Wolfie was nice today, he sent me some nice messages. I regret my crush I had on him so much, I only told him to help not make our friendship uncomfortable. He’s twenty three and I’d never date a twenty three year old. It’s just he confuses me with the things he says and I feel as if I where some floosy trying to get his pants now. I never tried and it never got that far but I feel immense guilt. He told me to stop worrying so I shall try.

I was very upset as Lili’s alter tore into me..I desperately tried not to cry as they said some hurtful things. I try not to be a bad person but they made my one mistake as if I where a demon. Speaking of demons I’m come to the descion anyone who is bad in my diary will be called that to avoid names or such here.

The demon kept yelling and stuff and by the end I decided that, I won’t engage with Lily anymore. It depressed me a lot but it’s for the best. I could never get mad at Lily – even though I want to - because she’s not to blame, I stressed her out and if I ever did I fear Kayden would instantly hate me. Because he loves her so much I know he’d chose Lily over me anytime (not that this is a bad thing I find it very sweet of him and heartfelt 💖 it proves how much he loves her and his Caring nature in my eyes.)

I got lots of kind messages from people but I want to lay in bed and dream. I’ve thought of myself as the Little mermaid, who lost her voice. Did I ever have it before? I highly doubt it to be honest with you. No one ever seems to truly understand with I mean. I thought about this during the verbal beating I recived, I can never express myself well.
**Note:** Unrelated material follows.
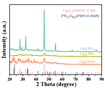 A largura de meio pico do plano de cristal Cu9S5 SNWs (001) é significativamente maior que a das outras duas formas de amostras. De acordo com a fórmula de Scherrer, quanto menor o tamanho do grão, maior será a largura correspondente do meio pico do pico de difração. Pelo contrário, quanto maior o tamanho da partícula, mais nítida será a meia largura do pico de difração. Devido ao tamanho da escala subnanométrica (0,95 nm) da amostra de SNWs Cu9S5 e ao fato de a amostra exibir uma estrutura unicelular sem um plano cristalino completo, a largura do meio pico é significativamente maior, enquanto a largura do meio pico (001) dos SNWs Cu9S5 é maior.
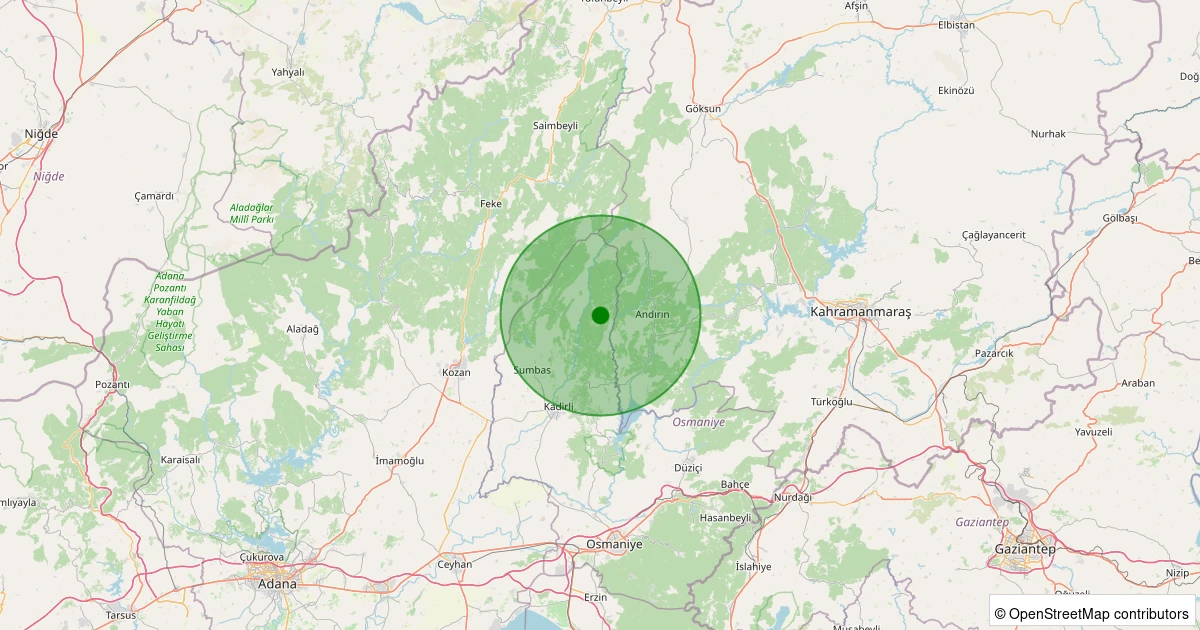 Son 7 gün içinde Kadirli - Yoğunoluk Köyü noktasından 100 km yarıçap içerisinde meydana gelen diğer depremler:

I don’t know why this is the case. I hope it fixes itself soon. I’ve tried to work on it but it seems everytime I’m pushed back. But today just showed me that I am very much like the little mermaid, why I loved it so much as a toddler. Both of us eventually turn into foam in our oldest iterations. She did because no one believed her in the end and saw her as replaceable. The prince replaceable her with another woman, who didn’t have her charm or personality.

This caused her heart to break and disentegrate. She died cold and alone, having lost everyone who ever cared for her intentionally and unintentionally. I don’t think I’ll do from romantic heartbreak, but just heartbreak in general. Today I suffered a heartbreak unlike any other before. It reminded me of when I suffered my very first betrayal, one so strong that I still hate the person who did it.

Typing is hard now as my chest aches and I feel like crying. I’m tearing up and I’m blinking feverishly. It felt like a spit in the face if I’m being honest, or a slap. It came unexpected but fast. It’s the dull pain and reactions that leave you scarred. You don’t know what to do and you intionally want to fight back to save your pride. But u realize it’s already ruined as your face is damp with someone else’s saliva and there is a warm hand print on your cheek. So u just give up and go to clean up in the bathroom, full of shame and hatred you don’t know how fix.

So it curls up within toutself and Fester’s. Till you rip apart. And then you start to melt. Like as she melted I melted into foam. But it’s more of a…empathetic melt.